··· Data for the task ···
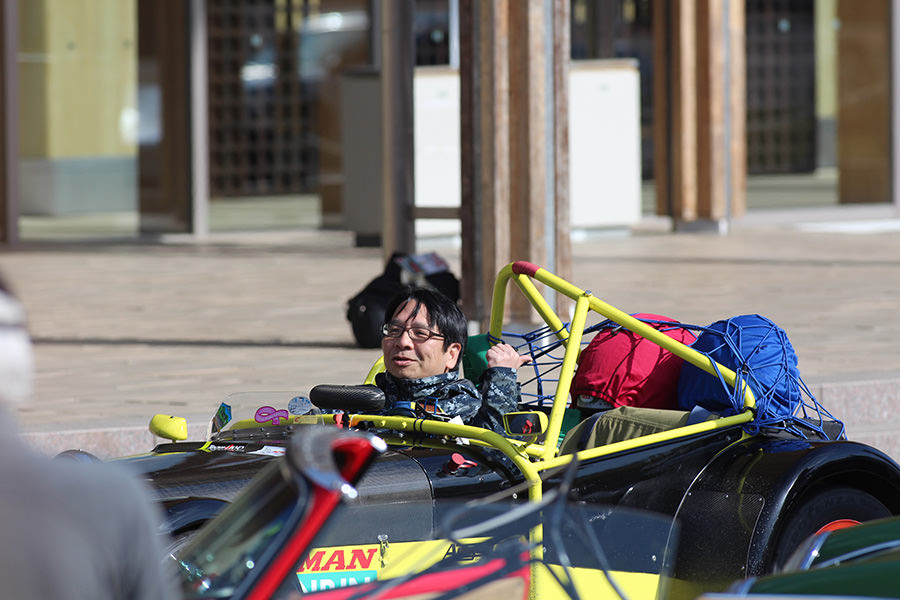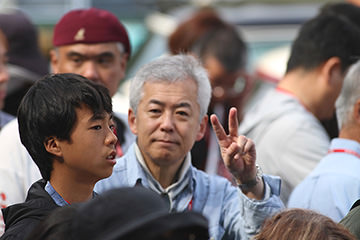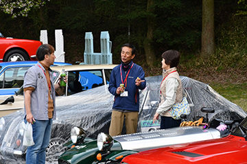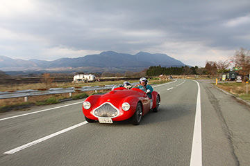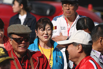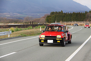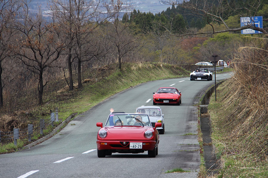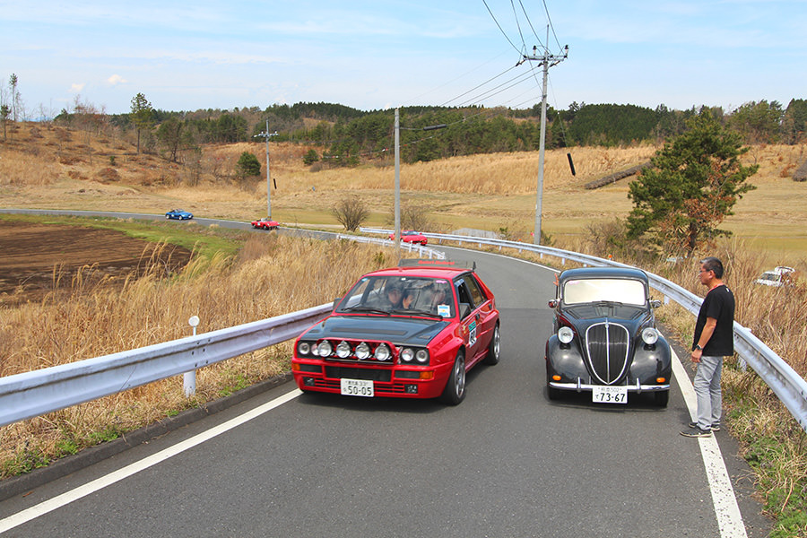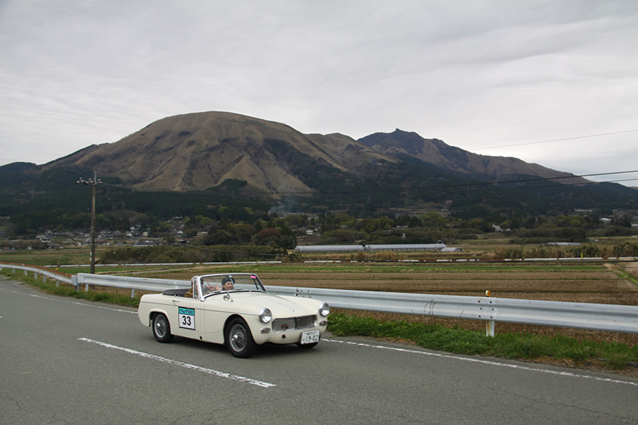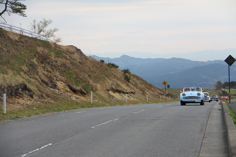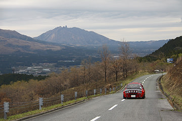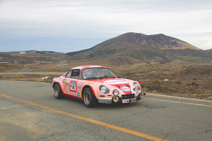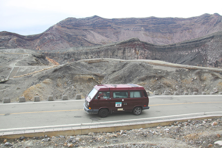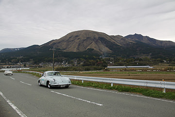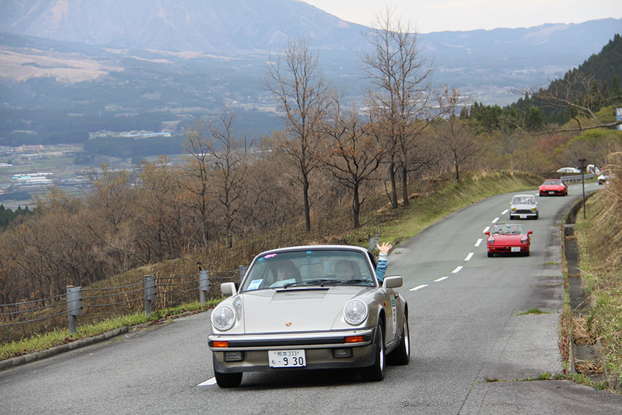 一夜明けて、チェント・ミリア最終日がやってきました。ゆったりとホテルの朝食をいただき、チェックアウト。駐車場にて、ドライバーズブリーフィングがスタートしました。前日からこの日最初のチェックポイントである「阿蘇中岳火口」に行けるかどうかという判断を待っている状態でした。そして朝を迎えたタイミングで無事OKの連絡が!1時間ごとに刻々と状況が変わる火口の様子にスタッフもドキドキでした。 阿蘇リゾートグランヴィリオホテルのエントランス前では、ホテルスタッフがお見送りをしてくださいました。他の宿泊客の方々も、駐車場にやってきて、貴重で珍しいクルマたちを見学している姿が印象的でした。
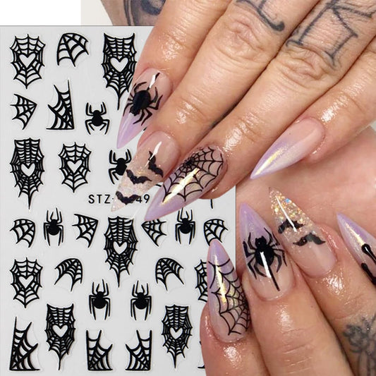 Halloween Nail Stickers 1 Sheet 3D Embossed Nail Art Stickers DIY Self-Adhesive Nails Decals Stickers with Colorful Spider Glitter Designs Holiday Nail Art Decorations
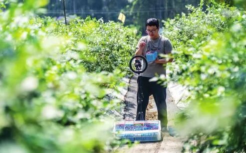 强化乡村经济发展的多点支撑带动,有助于催生城乡融合发展新动力。图为四川某村家庭农场,农场主正在直播销售蓝莓。
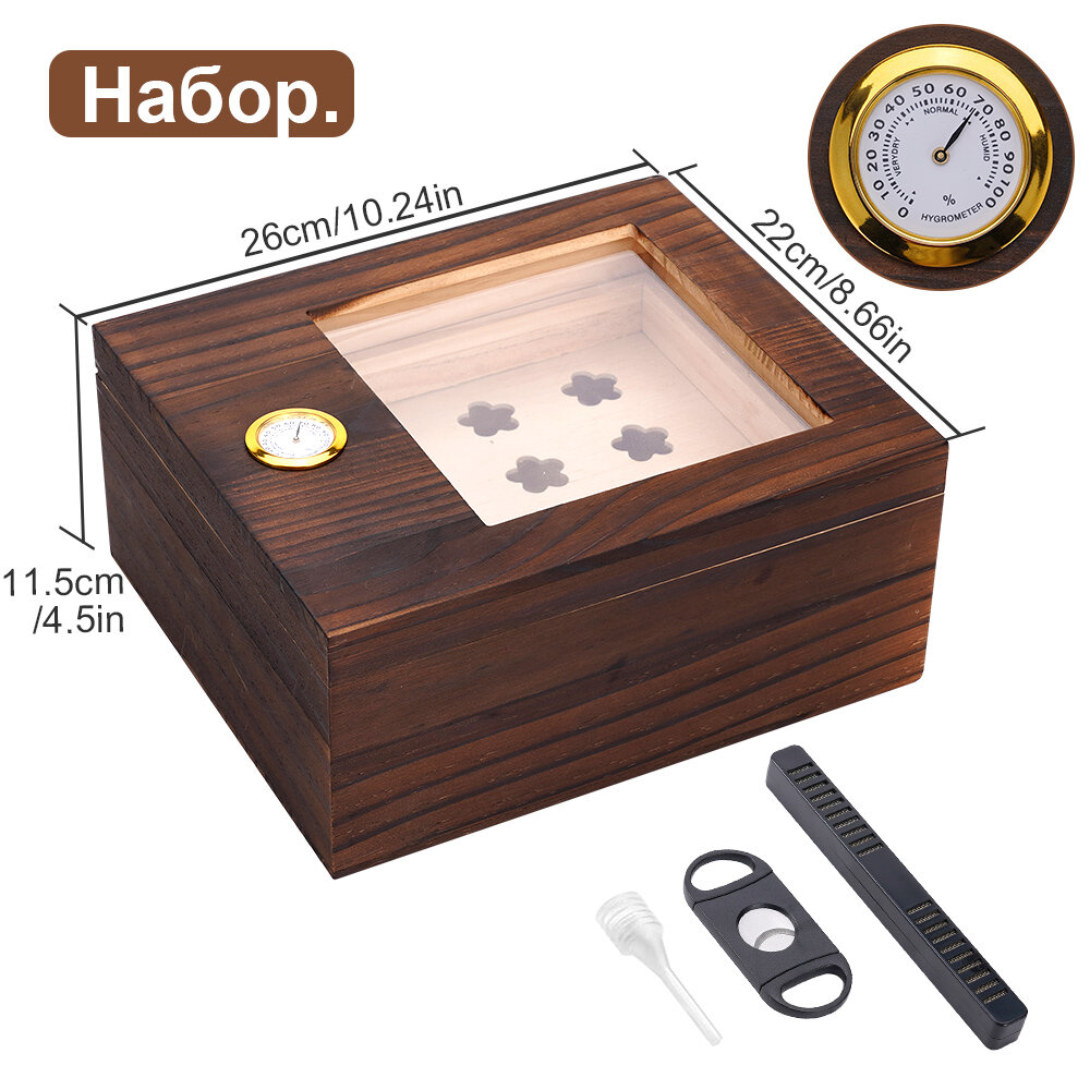 Деревянный хьюмидор с прозрачной крышкой для хранения сигар, круглый гигрометр, увлажняющий набор, 6 предметов: сравнение цен, характеристики, фото, актуальное наличие и цены.
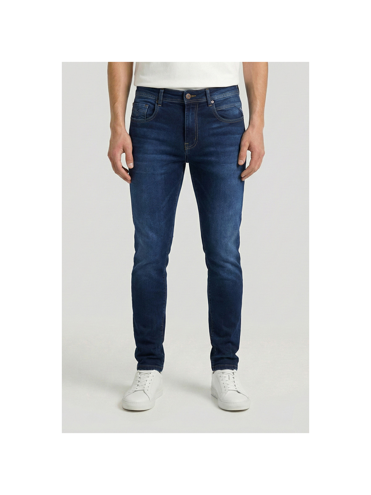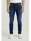Descripción: Jean modelo Anbass . Lavado con tono oscuro, sobre teñido azul y localizado. Bordado Raiders en el triangulo lateral
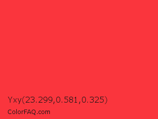 Yxy 23.299,0.581,0.325 Color is a normal red color and the nearest color is Coral Red #ff4040. Hex code #fa353d and RGB value is rgb(250,53,61). In RGB color space, this color is composed of 98% red, 21% green, 24% blue, In CMYK color space, this color is composed of 0% cyan, 79% magenta, 76% yellow , 2% black , In HSL color space, this color has a hue angle of 358° , 95% saturation and 59% lightness.
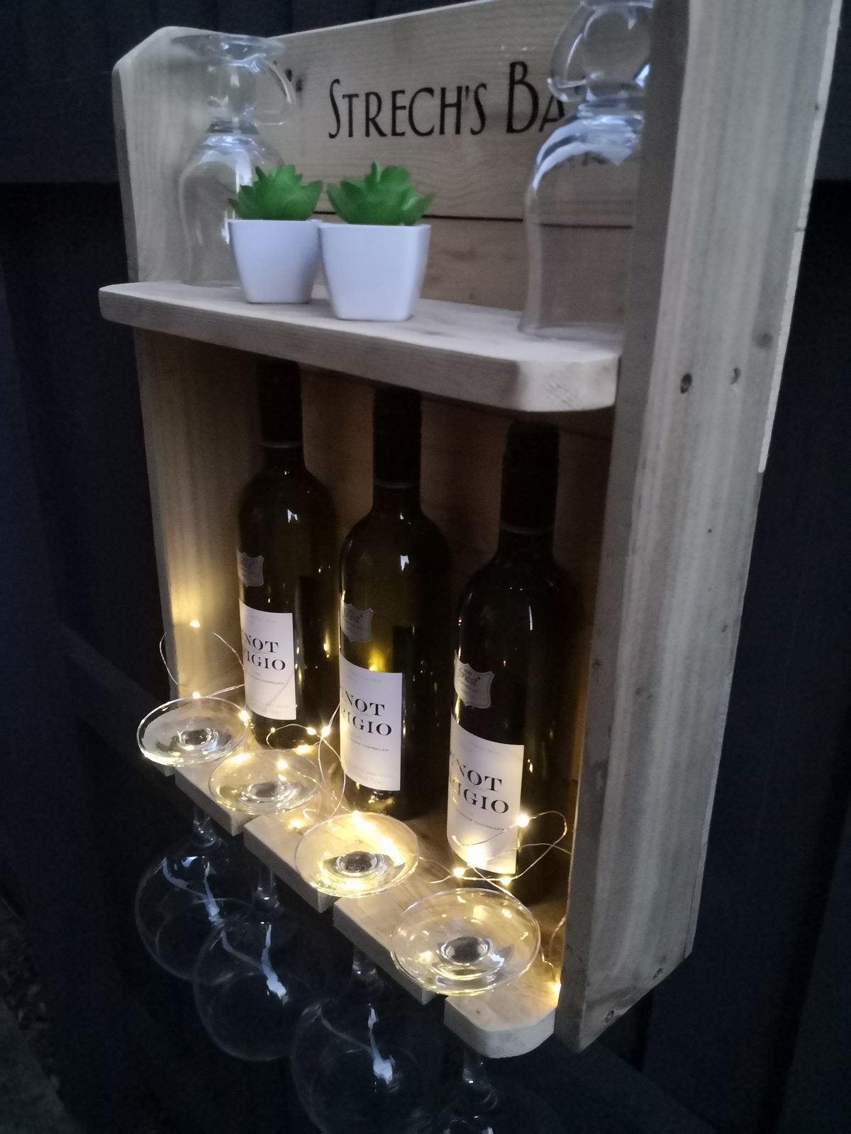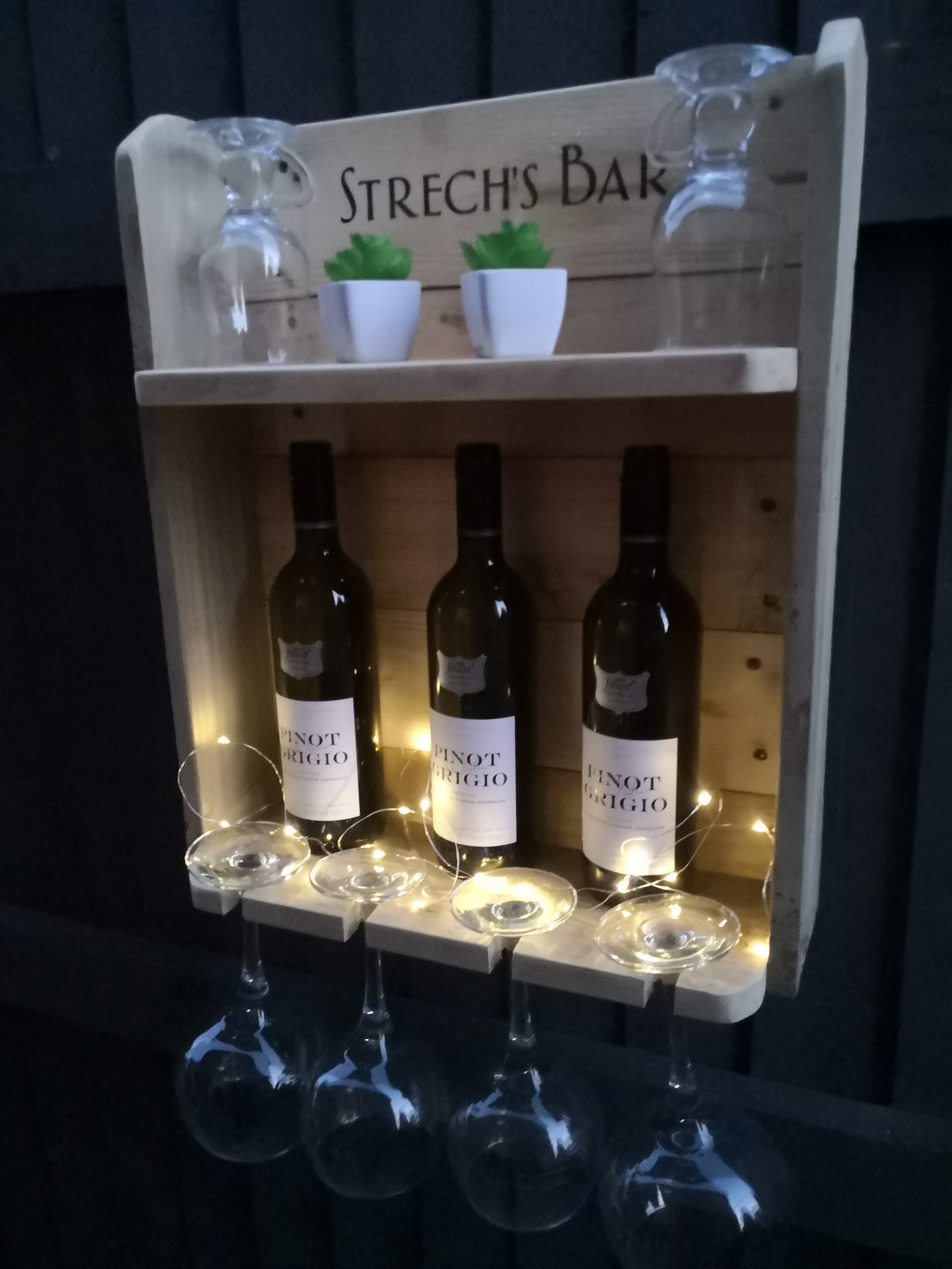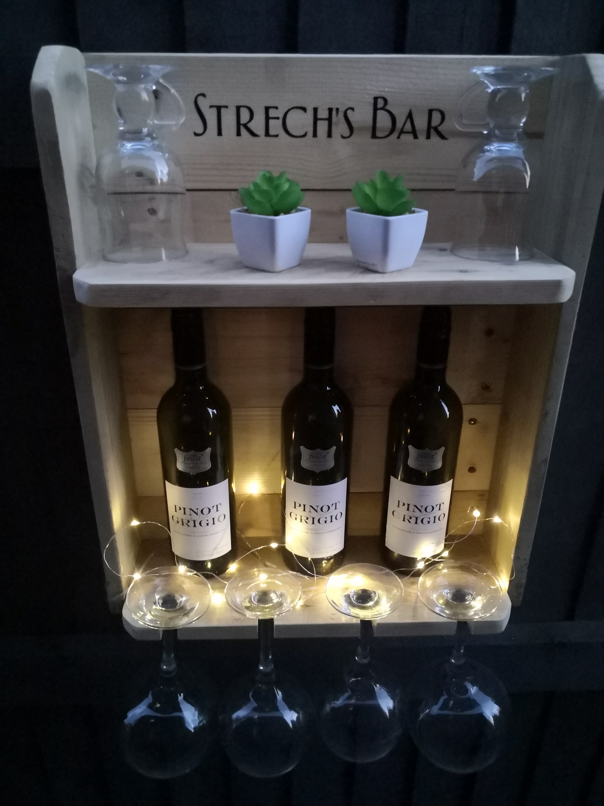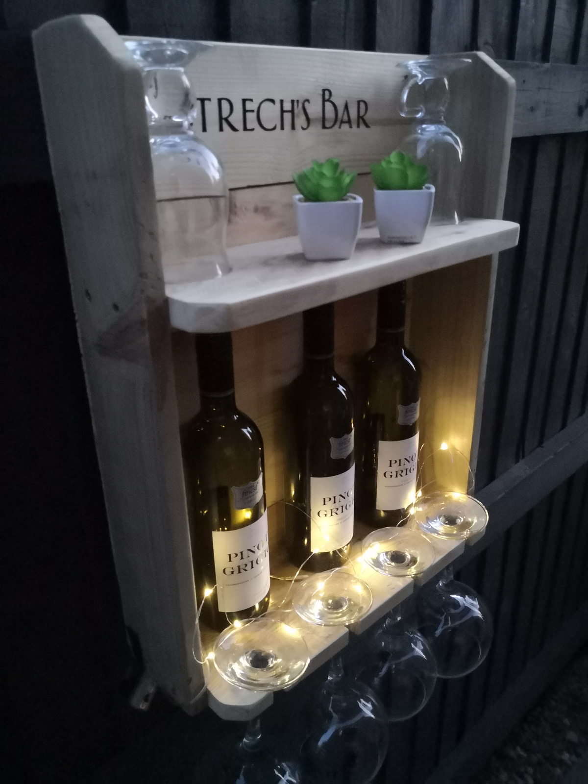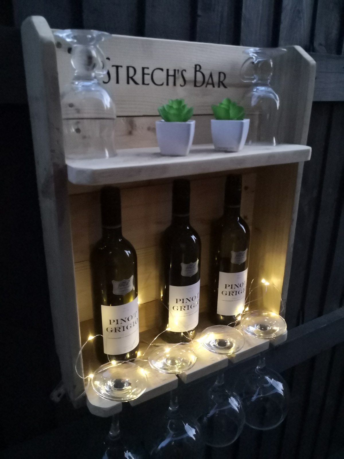 - Handmade Rustic Wall-Mounted Wine Bar – Personalised Drinks Shelf
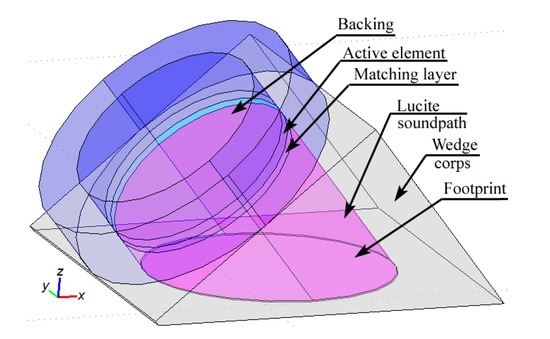 The paper [35] studied the effect of dimensions, the shape and the aperture on the frequency response and the directivity of the waves generated by the angle-beam wedge transducer in an isotropic half-space, using the boundary element method. The authors presented the results of a comprehensive parametric study in an effort to establish the guidelines and the criteria for the optimum wedge transducer design. The main objective of the study was the optimal choice of the wedge shape and dimensions to avoid spurious eigenmodes or unexpected wave propagations within the wedge. In the paper [36], which studies the similar problems, the effect of the shape and size of wedge-shaped substrates on the whole transducer system was discussed, and the design of a transducer was optimized to supply its performance when it generates the acoustic wave in a tested thick-walled structure made of isotropic material by using a 2D finite-element (FE) model.
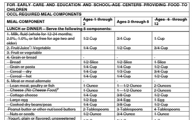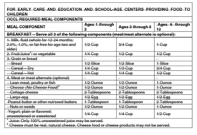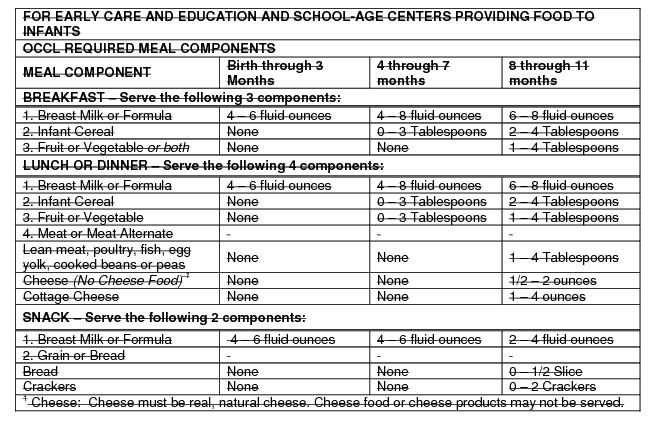 FOR EARLY CARE AND EDUCATION AND SCHOOL-AGE CENTERS PROVIDING FOOD TO INFANTS | |||
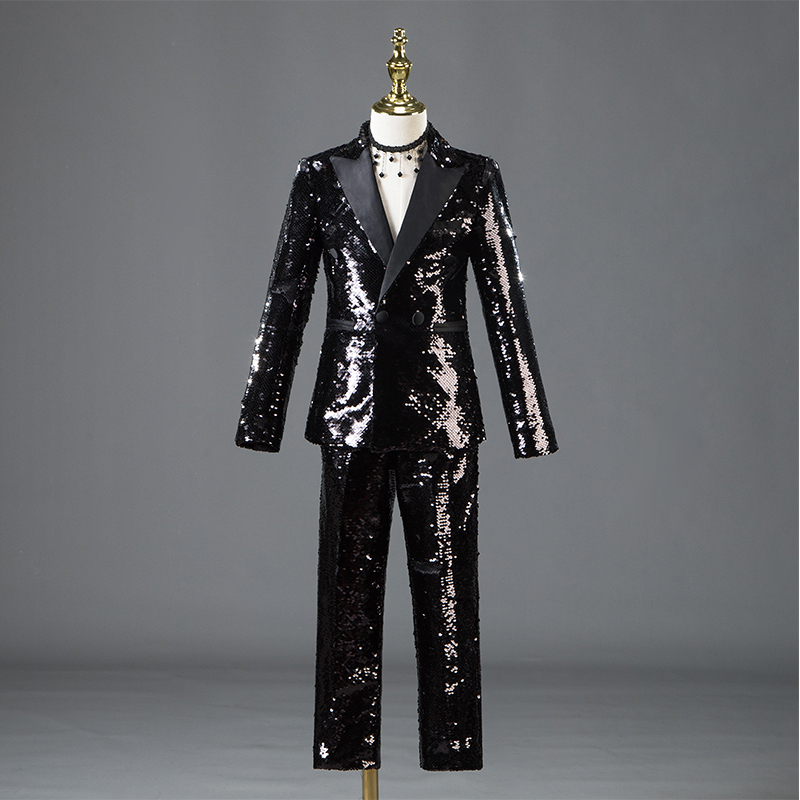 Children's catwalk suit suit girl sequined black cloak cloak dress boy piano performance suit host suit
···
• Task objective
Repeat the listing verbatim, pictures excluded.

• Task output
 一夜明けて、チェント・ミリア最終日がやってきました。ゆったりとホテルの朝食をいただき、チェックアウト。駐車場にて、ドライバーズブリーフィングがスタートしました。前日からこの日最初のチェックポイントである「阿蘇中岳火口」に行けるかどうかという判断を待っている状態でした。そして朝を迎えたタイミングで無事OKの連絡が!1時間ごとに刻々と状況が変わる火口の様子にスタッフもドキドキでした。 阿蘇リゾートグランヴィリオホテルのエントランス前では、ホテルスタッフがお見送りをしてくださいました。他の宿泊客の方々も、駐車場にやってきて、貴重で珍しいクルマたちを見学している姿が印象的でした。
 Halloween Nail Stickers 1 Sheet 3D Embossed Nail Art Stickers DIY Self-Adhesive Nails Decals Stickers with Colorful Spider Glitter Designs Holiday Nail Art Decorations
 强化乡村经济发展的多点支撑带动,有助于催生城乡融合发展新动力。图为四川某村家庭农场,农场主正在直播销售蓝莓。
 Деревянный хьюмидор с прозрачной крышкой для хранения сигар, круглый гигрометр, увлажняющий набор, 6 предметов: сравнение цен, характеристики, фото, актуальное наличие и цены.
Descripción: Jean modelo Anbass . Lavado con tono oscuro, sobre teñido azul y localizado. Bordado Raiders en el triangulo lateral
 Yxy 23.299,0.581,0.325 Color is a normal red color and the nearest color is Coral Red #ff4040. Hex code #fa353d and RGB value is rgb(250,53,61). In RGB color space, this color is composed of 98% red, 21% green, 24% blue, In CMYK color space, this color is composed of 0% cyan, 79% magenta, 76% yellow , 2% black , In HSL color space, this color has a hue angle of 358° , 95% saturation and 59% lightness.
 - Handmade Rustic Wall-Mounted Wine Bar – Personalised Drinks Shelf
 The paper [35] studied the effect of dimensions, the shape and the aperture on the frequency response and the directivity of the waves generated by the angle-beam wedge transducer in an isotropic half-space, using the boundary element method. The authors presented the results of a comprehensive parametric study in an effort to establish the guidelines and the criteria for the optimum wedge transducer design. The main objective of the study was the optimal choice of the wedge shape and dimensions to avoid spurious eigenmodes or unexpected wave propagations within the wedge. In the paper [36], which studies the similar problems, the effect of the shape and size of wedge-shaped substrates on the whole transducer system was discussed, and the design of a transducer was optimized to supply its performance when it generates the acoustic wave in a tested thick-walled structure made of isotropic material by using a 2D finite-element (FE) model.
 FOR EARLY CARE AND EDUCATION AND SCHOOL-AGE CENTERS PROVIDING FOOD TO INFANTS | |||
 Children's catwalk suit suit girl sequined black cloak cloak dress boy piano performance suit host suit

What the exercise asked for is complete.